» PROBLEM TO SOLVE: Below are some records. Print exactly the lines between the one holding "There is a solar" and the one holding "A steam experience", inclusive, and nothing else.

» INPUT:
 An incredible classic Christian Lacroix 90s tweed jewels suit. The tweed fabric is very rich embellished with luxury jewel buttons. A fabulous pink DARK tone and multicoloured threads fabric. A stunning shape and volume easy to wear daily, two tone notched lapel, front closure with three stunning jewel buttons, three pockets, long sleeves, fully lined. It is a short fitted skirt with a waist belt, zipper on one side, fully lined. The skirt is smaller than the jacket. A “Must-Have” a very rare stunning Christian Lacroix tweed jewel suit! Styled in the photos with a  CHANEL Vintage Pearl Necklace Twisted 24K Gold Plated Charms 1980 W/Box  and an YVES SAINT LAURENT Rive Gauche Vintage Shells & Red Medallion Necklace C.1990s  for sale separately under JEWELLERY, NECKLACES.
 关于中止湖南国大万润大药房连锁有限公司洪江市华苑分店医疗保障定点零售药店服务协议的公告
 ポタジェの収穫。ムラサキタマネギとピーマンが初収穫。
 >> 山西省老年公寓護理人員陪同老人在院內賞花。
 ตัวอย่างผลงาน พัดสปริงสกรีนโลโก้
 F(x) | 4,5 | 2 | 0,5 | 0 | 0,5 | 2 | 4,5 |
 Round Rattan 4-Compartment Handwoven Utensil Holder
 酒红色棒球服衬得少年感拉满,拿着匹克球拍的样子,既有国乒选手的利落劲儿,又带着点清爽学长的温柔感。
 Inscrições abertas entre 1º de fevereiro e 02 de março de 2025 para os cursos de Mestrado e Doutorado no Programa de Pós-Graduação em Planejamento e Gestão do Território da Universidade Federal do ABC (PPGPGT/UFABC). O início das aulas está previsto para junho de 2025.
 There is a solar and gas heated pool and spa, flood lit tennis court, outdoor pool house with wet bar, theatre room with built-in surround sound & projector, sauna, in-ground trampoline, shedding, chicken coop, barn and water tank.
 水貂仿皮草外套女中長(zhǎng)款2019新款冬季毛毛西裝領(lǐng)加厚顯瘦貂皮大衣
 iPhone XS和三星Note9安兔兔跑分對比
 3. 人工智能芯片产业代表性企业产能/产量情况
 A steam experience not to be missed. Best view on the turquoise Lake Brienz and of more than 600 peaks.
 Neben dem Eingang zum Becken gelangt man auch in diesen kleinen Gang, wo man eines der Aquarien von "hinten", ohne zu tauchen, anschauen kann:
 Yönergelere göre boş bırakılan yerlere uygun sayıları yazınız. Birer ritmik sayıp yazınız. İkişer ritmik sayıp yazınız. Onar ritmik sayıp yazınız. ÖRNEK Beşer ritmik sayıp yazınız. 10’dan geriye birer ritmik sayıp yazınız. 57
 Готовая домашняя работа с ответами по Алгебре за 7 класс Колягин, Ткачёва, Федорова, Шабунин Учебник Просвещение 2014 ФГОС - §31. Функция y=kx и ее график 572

» EXPECTED ANSWER:
 There is a solar and gas heated pool and spa, flood lit tennis court, outdoor pool house with wet bar, theatre room with built-in surround sound & projector, sauna, in-ground trampoline, shedding, chicken coop, barn and water tank.
 水貂仿皮草外套女中長(zhǎng)款2019新款冬季毛毛西裝領(lǐng)加厚顯瘦貂皮大衣
 iPhone XS和三星Note9安兔兔跑分對比
 3. 人工智能芯片产业代表性企业产能/产量情况
 A steam experience not to be missed. Best view on the turquoise Lake Brienz and of more than 600 peaks.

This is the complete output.